Book Review: Making a Killing

In the past month, I have read 3.25 animal/vegan-related books – that’s a new record for me. 🙂 Here is my first animal book review.

I just finished reading Making a Killing: The Political Economy of Animal Rights by Bob Torres (2007). It’s not terribly long (153 pages) and not very difficult to read. Overall, Torres’ ideas are interesting, but they aren’t on the whole particularly original, as you might expect, nor very complex. This isn’t all bad per se, but I do want to explain what the book is.

The most exciting and memorable points of the book for me are where Torres tells stories from his own life as a student and as a teacher. He tells of how his own interest in food politics began while taking a dairy production course toward his ag science major in college. Later, he brings up a class he taught on anarchism and the anarchist power relations he tried to set up within it, as well as the not-so-surprising discussion the students and professor had on the topic of veganism. Not only is story-telling great in and of itself, but it gives something more original to the book. The lesson he draws from the latter story about the parallels between sexism, racism, and speciesism is interesting, but there is a risk here of ignoring the differences between the three forms of oppression. As H.E.A.L.T.H. blogger Adam Weitzenfeld points out, parallel lines don’t intersect or touch, but perpendicular ones do. At one point, Torres even mentions the concept of “equality of unequals,” or equality between different individuals/groups.

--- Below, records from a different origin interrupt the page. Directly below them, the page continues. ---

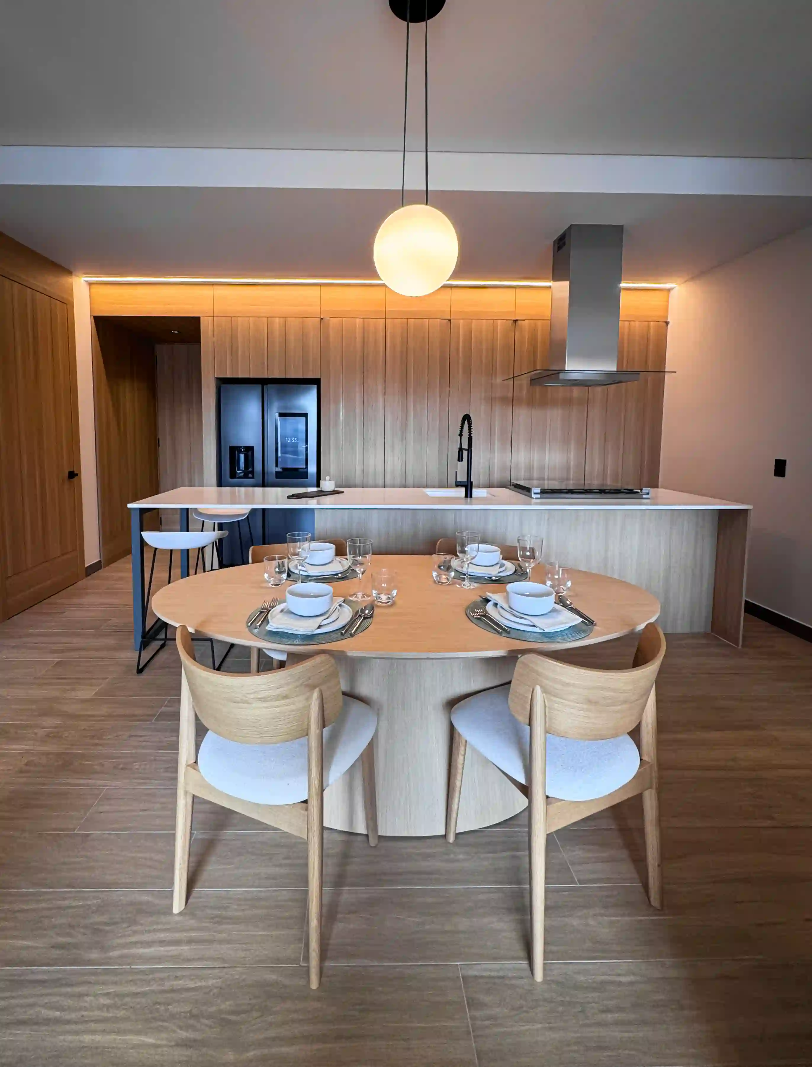 La cocina, resuelta mediante una isla central, funciona como el elemento articulador del espacio, permitiendo una transición natural hacia el comedor y la sala. La selección de materiales cálidos, la iluminación indirecta y la continuidad en pisos y carpinterías refuerzan la sensación de unidad y orden. La sala, vinculada visualmente al exterior, se percibe como un espacio cómodo y acogedor, pensado tanto para el descanso como para la reunión, consolidando un ambiente social, equilibrado y funcional.
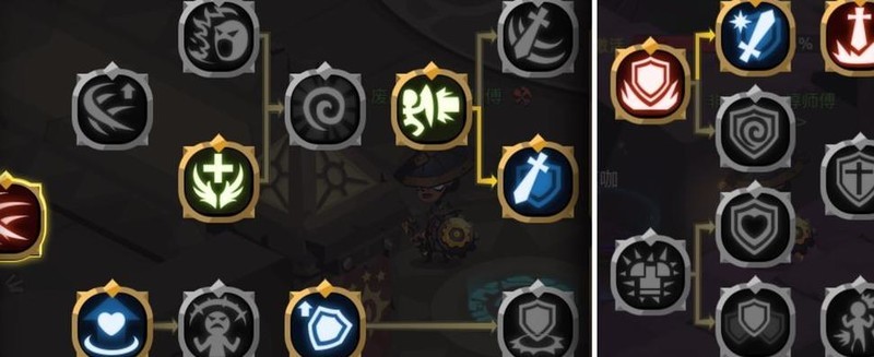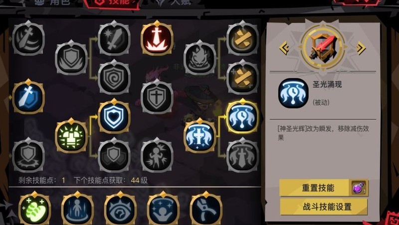 首先用现有技能点清理小怪并回满蓝量,随后站在守门员面前重置技能。调整时将雷霆替换为固守即可,由于此次洗点仅针对守门员战斗,无需投入吞噬与法力汲取,应优先点亮神圣光辉与圣光涌现。当固守效果结束且处于技能冷却阶段时,格挡率会回到基础水平,此时使用神圣光辉可有效维持血量稳定。同时保留驱散恶意技能,以应对可能出现的流失类词条影响,确保战斗中的持续生存能力。
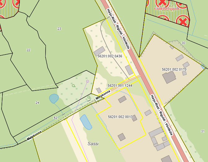 kuuluvat Metskonna (5620146) teed. Metsamaterjali veoks kasutatavad teed on näha Lisa-s 1
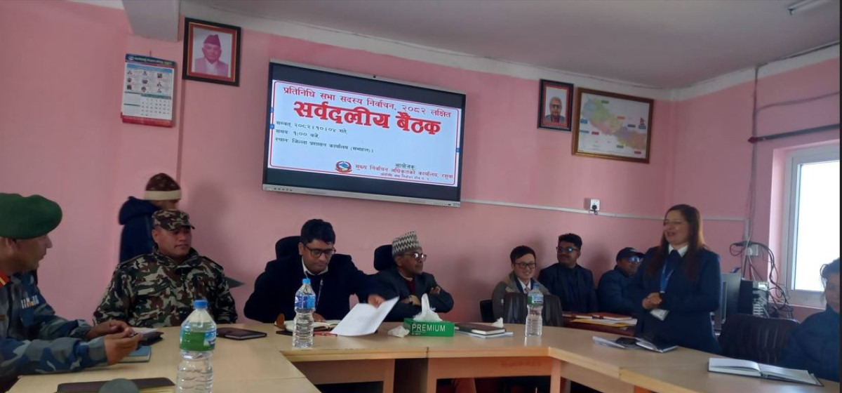 जिल्ला प्रशासन कार्यालयद्वारा आयोजित सो बैठक मुख्य निर्वाचन अधिकृत ध्रुवप्रसाद उप्रेतीका अध्यक्षतामा सम्पन्न भएको थियो। बैठकमा निर्वाचन तालिका र सहमति अनुसार राजनीतिक दल अगाडि बढ्ने,स्थानीय प्रशासकले सुरक्ष व्यवस्था सुदृढ पार्ने, जस्ता विविध विषयमा छलफल भएको थियो। जिल्लामा ४१ हजार चार सय ७१ मतदाताले आफ्नो मताधिकार प्रयोग गर्ने बताइएको छ।
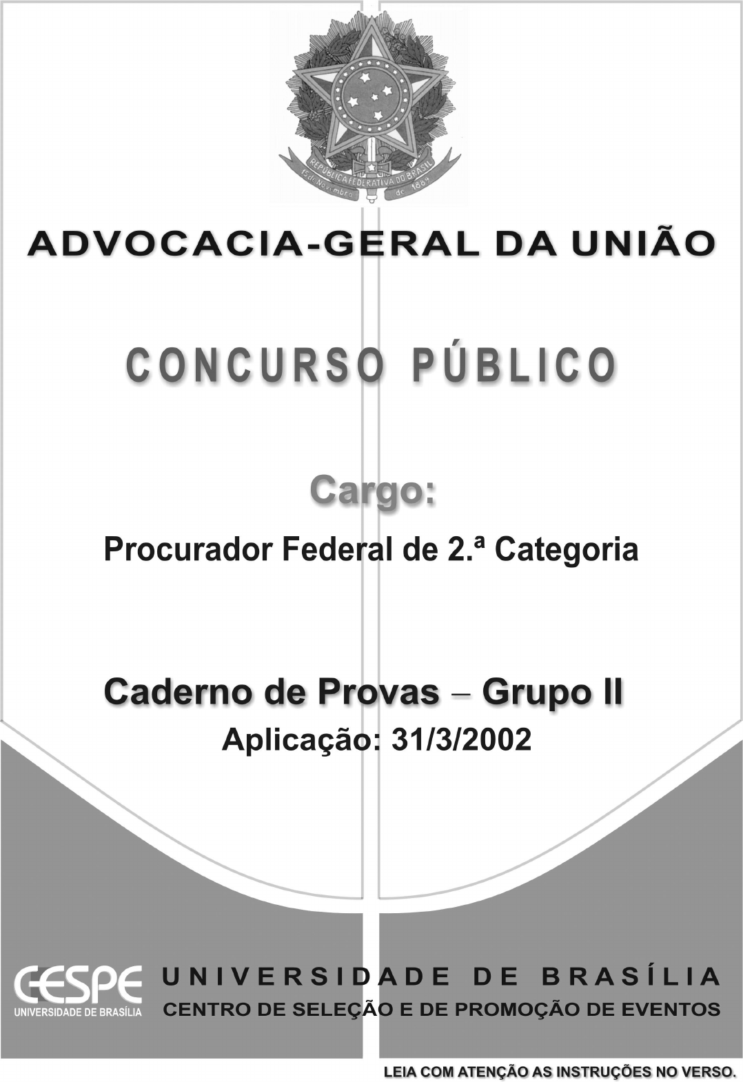 ADVOCACIA-GERAL DA UNIÃO Concurso Público – Aplicação: 31/3/2002 CARGO: PROCURADOR FEDERAL DE 2.ª CATEGORIA INSTRUÇÕES 1 Este caderno consta das provas do Grupo II. 2 Caso o caderno esteja incompleto ou tenha qualquer defeito, o candidato deverá solicitar ao fiscal de sala mais próximo que tome as providências cabíveis. 3 Na prova objetiva, recomenda-se não marcar ao acaso: cada item cuja resposta divirja do gabarito oficial definitivo acarretará a perda de 0,20 ponto, conforme consta no Edital n.o 1/2002 – CESPE/UnB, de 1.º/2/2002. 4 Não é permitida a utilização de nenhum material de consulta que não seja fornecido pelo CESPE. 5 Durante as provas, o candidato não deverá levantar-se ou comunicar-se com outros candidatos. 6 A duração das provas é de cinco horas e trinta minutos, já incluído o tempo destinado à identificação — que será feita no decorrer das provas —, ao preenchimento da Folha de Respostas e à transcrição do texto definitivo da prova discursiva para a respectiva folha, nos locais apropriados. 7 A desobediência a qualquer uma das determinações constantes nas presentes Instruções, na Folha de Rascunho, na Folha de Respostas ou na Folha de Texto Definitivo poderá implicar a anulação das provas do candidato. AGENDA I 2/4/2002 – Divulgação dos gabaritos oficiais preliminares das provas objetivas na Internet — no endereço eletrônico http://www.cespe.unb.br — e nos quadros de avisos do CESPE/UnB —, em Brasília. II 3 e 4/4/2002 – Recebimento de recursos contra os gabaritos oficiais preliminares das provas objetivas exclusivamente nos locais que serão informados na divulgação desses gabaritos. III 15/5/2002 – Data provável da divulgação (após a apreciação de eventuais recursos), no Diário Oficial da União e nos locais mencionados no item I, do resultado final das provas objetivas e do resultado provisório da prova discursiva. Observações: • Não serão objeto de conhecimento recursos em desacordo com o estabelecido no item 11 DOS RECURSOS do Edital n.o 1/2002 – CESPE/UnB, de 1.º/2/2002. • Informações relativas ao concurso poderão ser obtidas pelo telefone 0(XX)–61–448–0100. • É permitida a reprodução deste material, desde que citada a fonte. UnB / CESPE – AGU Grupo II Concurso Público – Aplicação: 31/3/2002 Cargo: Procurador Federal de 2.ª Categoria – 1 / 12 É permitida a reprodução, desde que citada a fonte. ADVOCACIA-GERAL DA UNIÃO Concurso Público – Aplicação: 31/3/2002 CARGO: PROCURADOR FEDERAL DE 2.ª CATEGORIA GRUPO II Nas questões de 43 a 70, marque, de acordo com o comando de cada uma delas: itens CERTOS na coluna C; itens ERRADOS na coluna E. Na Folha de Respostas, a indicação do campo SR servirá somente para caracterizar que o candidato desconhece a resposta correta; portanto, a sua marcação não implicará apenação ao candidato. Use a Folha de Rascunho para as devidas marcações e, posteriormente, a Folha de Respostas. Texto I – questões 43 e 44 Nas sociedades contemporâneas, ocorre um processo de1 retirar da própria regra sua nitidez, sua precisão. De um lado, os agentes se reportam a ela como se suas próprias ações sempre tivessem um lado excepcional, como se aquilo que fizeram não4 viesse a ser bem o caso da regra. Mas, de outro, e isso é mais importante, as regras e as instituições de vigilância oscilam em relação aos casos a que se aplicam, como se seus sentidos7 fossem sempre relaxados, passíveis de interpretações desviantes. A impunidade que daí deriva não está ligada, pois, a diferenças sociais que impliquem que nem todos sejam iguais perante a lei,10 mas tão-só a que todos se submetem a ela como se vestissem roupas muito maiores que as devidas. A sociedade moderna é democraticamente relaxada. 13 Por isso não me satisfaz designá-la como sociedade do espetáculo. A tragédia clássica não seguia regras muito bem definidas? As imprecisões por que passam as regras que16 norteiam nossas condutas não estão atravessadas pela oposição entre essência e aparência, não formamos uma sociedade de sofistas, mas nos comportamos como se todos estivéssemos19 acometidos de astigmatismo, de tal modo que entre o real e a gramática que nos permite falar dele sempre se exerce um método de projeção em constante hipertrofia. É como se22 medíssemos uma distância com metros de borracha, por meio de categorias topológicas, porquanto se relaxaram as regras de vigilância. Nessas condições, em que o espaço público está25 poluído por vagas interpretações e por jurisprudências coniventes, vem a ser natural que os agentes se voltem para as esferas da vida íntima, onde eles próprios agem e vigiam suas28 próprias ações, recusando a mediação de terceiros. No entanto, nessa barbárie da indefinição, contra a qual o legalismo e o totalitarismo pretendem aparecer como os31 remédios mais eficazes, convém observar a riqueza de novos horizontes possíveis. Não é nesses caldos que também se desenvolvem os germes da liberdade? Mas, para isso, seria34 preciso que se armasse uma esfera da reflexão vigilante, capaz de espelhar todo esse processo segundo uma gramática de compensações ponderadas.37 José Arthur Giannotti. Folha de S. Paulo, “Mais!”, 3/3/2002, p. 9 (com adaptações). QUESTÃO 43 Em relação às inferências permitidas pelas idéias do texto I, julgue os itens a seguir. Ø Geralmente, as ações dos agentes sociais contemporâneos tendem a ser justificadas com um caráter de exceção às regras. Ù A impunidade que deriva da imprecisão das regras abrange de forma diferente os diversos transgressores, sempre de acordo com o segmento social ao qual pertencem. Ú A forma de vida moderna tem sido chamada de sociedade do espetáculo, porque obedece às regras estabelecidas pelos autores das tragédias clássicas, como Sófocles, Ésquilo e Eurípedes. Û O tecido das relações e instituições

Torres spends most of the book summarizing the arguments of others, from Gary Francione to Karl Marx, Murray Bookchin, Will Potter, and many more. Having been to his website, I wasn’t surprised to see Francione’s ideas again, and for me those parts were mostly a review (I’ve already read the two books by Francione cited in Making a Killing). Some of the other ideas, i.e. on the general problems of neo-liberal capitalism, were also just in review for me. I did like how the book simplified some of Marx’s ideas for me because I’ve never seriously studied Marx to understand them: exchange value comes to usurp use value in capitalism.

Some of Torres’s anti-capitalist ideas I found questionable. For example, he says, “corporations are of one mindset: to deliver value to shareholders” (103). Here he seems to be suggesting that this is the only way that corporations can be, although it’s not clear if he is in fact saying this or just choosing not to get too deep into the issue. In Liquidated: An Ethnography of Wall Street, Karen Ho compellingly suggests that corporations can and should be by and for the people, though she spends a lot of time critiquing the current state of things (she also doesn’t agree with doing away with capitalism entirely). Admittedly, this wasn’t a significant part of Torres’ argument.

The bigger issue is that I was waiting for him to explain the alternative to commodities and property, which he spends a good portion of the book deconstructing. He ends by restating Francione’s argument that veganism should be the “baseline for animal rights.” My understanding is that he is simply saying that veganism is the solution to property/commodities, at least the commoditizing of animals / animal laborers. I still wonder what we will do without commodities at all, or if Torres means to say that getting rid of commodities actually isn’t really a concern because the main issue is hierarchy. The problem of the way that commodities mask production and social relations seems potentially soluble through education. One other thing that would have been useful is a clear definition of “exploitation,” since vegans have used it to mean either all use or only what is decided to be violent/oppressive use.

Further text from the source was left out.